Purpose: The management of noncorrectable extra hepatic biliary atresia includes portoenterostomy, although the results of the surgery are variable. This study was done to develop criteria that could successfully predict the outcome of surgery based on preoperative data, including percutaneous liver biopsy, allowing a more selective approach to the care of these babies. Methods: The charts and biopsy results of 31 patients who underwent a Kasai procedure for biliary atresia between 1984 and 1994 were reviewed. Values for preoperative albumin, bilirubin, age of patient at Kasai, and lowest postoperative bilirubin were recorded. Surgical success was defined as postoperative bilirubin that returned to normal. A pathologist blinded to the child's eventual outcome graded the pre-Kasai needle liver biopsy results according to duct proliferation, ductal plate lesion, bile in ducts, lobular inflammation, giant cells, syncitial giant cells, focal necrosis, bridging necrosis, hepatocyte ballooning, bile in zone 1, 2, and 3, cholangitis, and end-stage cirrhosis. Clinical outcome was then predicted. Results: Success after portoenterostomy could not reliably be predicted based on gender, age at Kasai, preoperative bilirubin or albumin levels. Histological criteria, however, predicted outcome in 27 of 31 patients (P < .01). Fifteen of 17 clinical successes were correctly predicted; as were 12 of 14 clinical failures (sensitivity, 86%; specificity, 88%).
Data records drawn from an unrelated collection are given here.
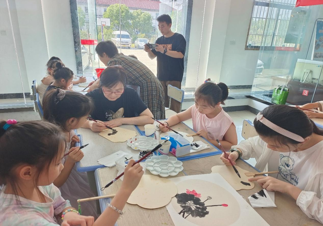 另一边,绘画老师张英、顾云霞等现场创作水墨画扇,逐步引导孩子们领略水墨画的独特魅力。在老师的指导下,孩子们屏气凝神,耐心临摹、认真创作,进一步加深了对书画艺术的了解,真切领略到书法与绘画的独特魅力。
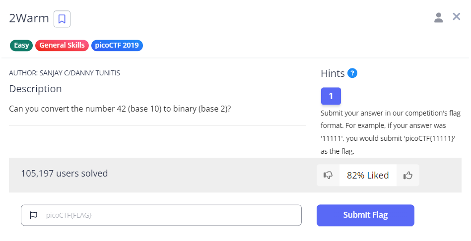 The challenge description instructs us to convert the number 42 to binary. We can use any online base 10 to base 2 conversion tool to do this. We can even do it manually.
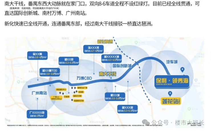 后续周边有规划地铁8号线东延线{莲花湾至万胜围}预计2027年底通车,全程8个站,通车后,莲花湾到海珠只要20分钟,不过站点距离项目也不近
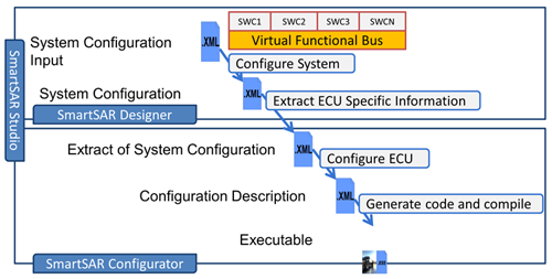 软件集成开发工具SmartSAR Studio分为设计工具SmartSAR Designer和配置集成工具SmartSAR Configurator。 设计工具SmartSAR Designer的主要特性包括:
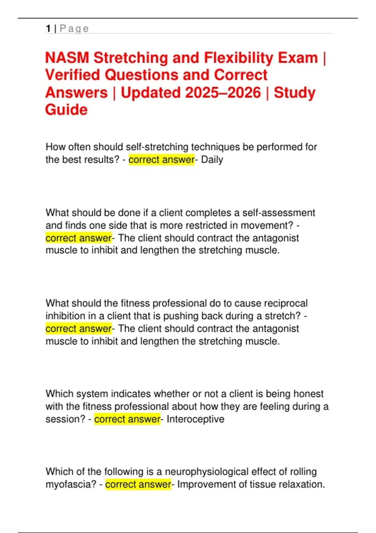 Get ready for the NASM Stretching and Flexibility Exam with this updated 2025–2026 study guide. It includes verified questions and correct answers, aligned with NASM’s latest certification standards to help you prepare confidently and efficiently. The guide covers core topics such as flexibility assessments, stretching techniques, movement preparation, muscle imbalances, and corrective strategies. Each question is clearly explained, helping you understand the reasoning behind each correct answer. Perfect for NASM students and fitness professionals, this verified study resource offers clear, accurate, and exam-focused content to help you pass your Stretching and Flexibility module with ease.
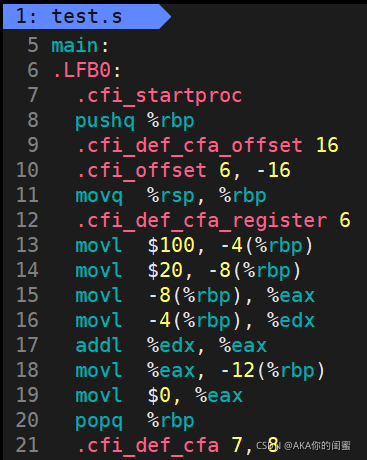 ,会自动生成汇编代码test.s
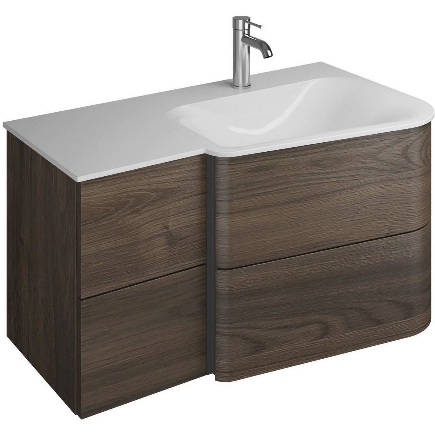 Becken rechts, 2 Schubladen links
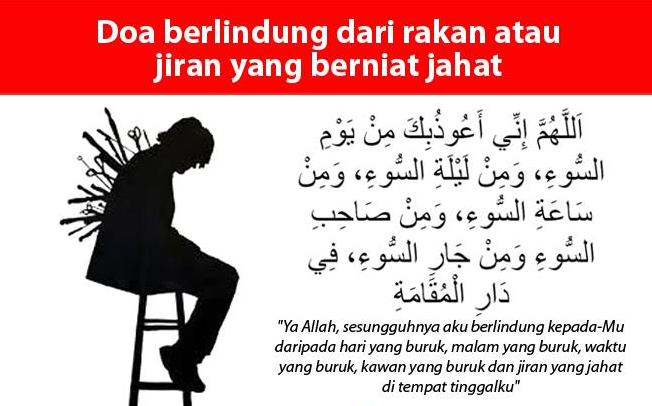 “Ya Allah sesungguhnya aku berlindung kepada-Mu dari hari yang buruk, malam yang buruk, waktu yang buruk, teman yang ja hat dan tetangga yang jahat di tempat tinggal tetapku.” (HR. At-Thabrani).
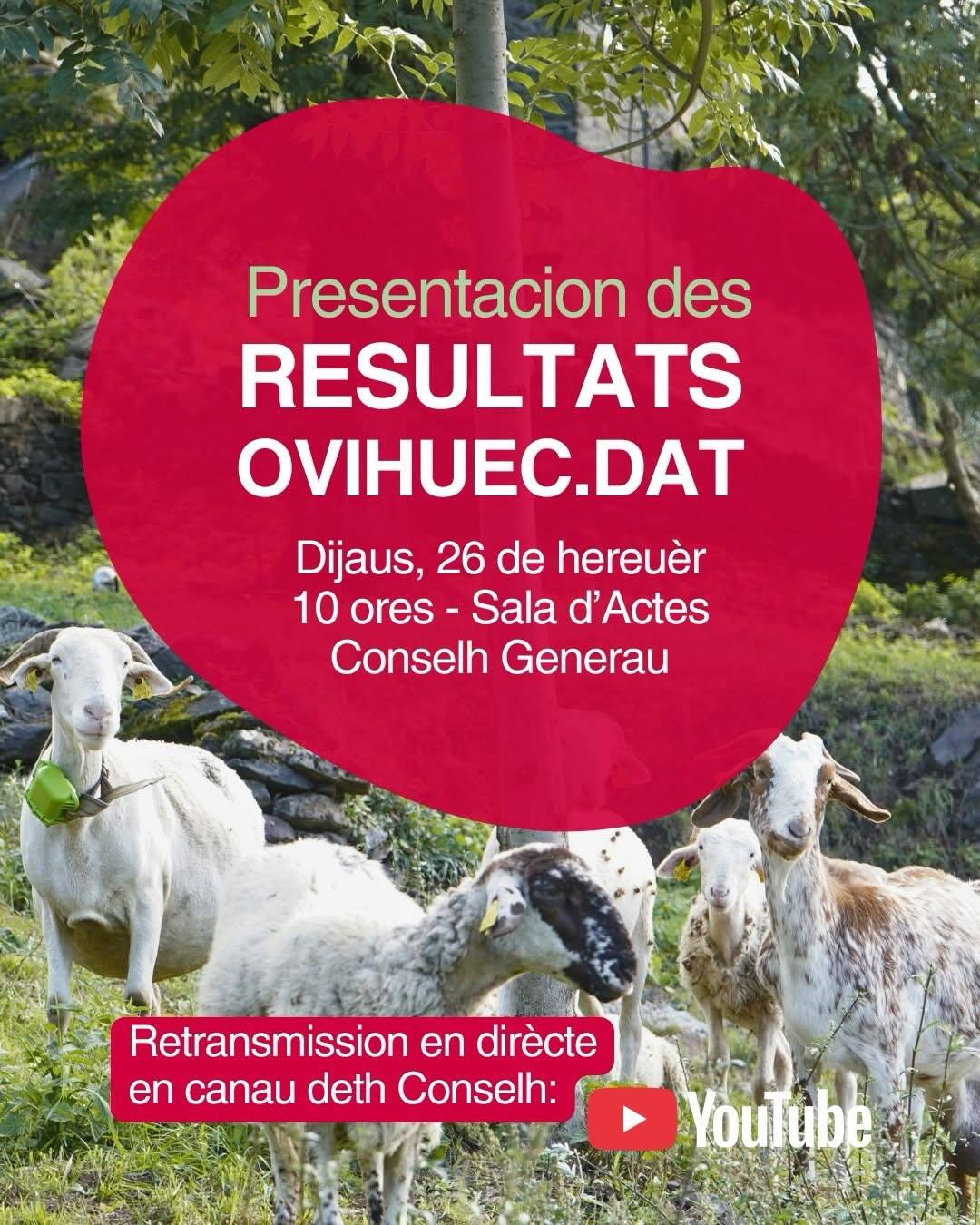 Eth dijaus entàs 10 ores, s’amiarà a tèrme era presentacion des resultats d’OVIHUEC.DAT ena sala d’actes deth Conselh Generau, dubèrta ath public e que se retransmitirà en dirècte en canau de Youtube.
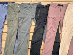 Several pair sof hiking pants are laid on the ground, with blue, green, grey, black, and pink pants overlapping each other.

Individually, the presence of syncitial giant cells, lobular inflammation, focal necrosis, bridging necrosis, and cholangitis, were each associated with failure of the portoenterostomy (p < .05). Bile in zone 1 was associated with clinical success of the procedure (P < .05). Conclusions: Based on the predictive information available in a liver biopsy, we conclude that those patients who will not benefit from a Kasai procedure can be identified preoperatively, and channeled immediately to transplantation.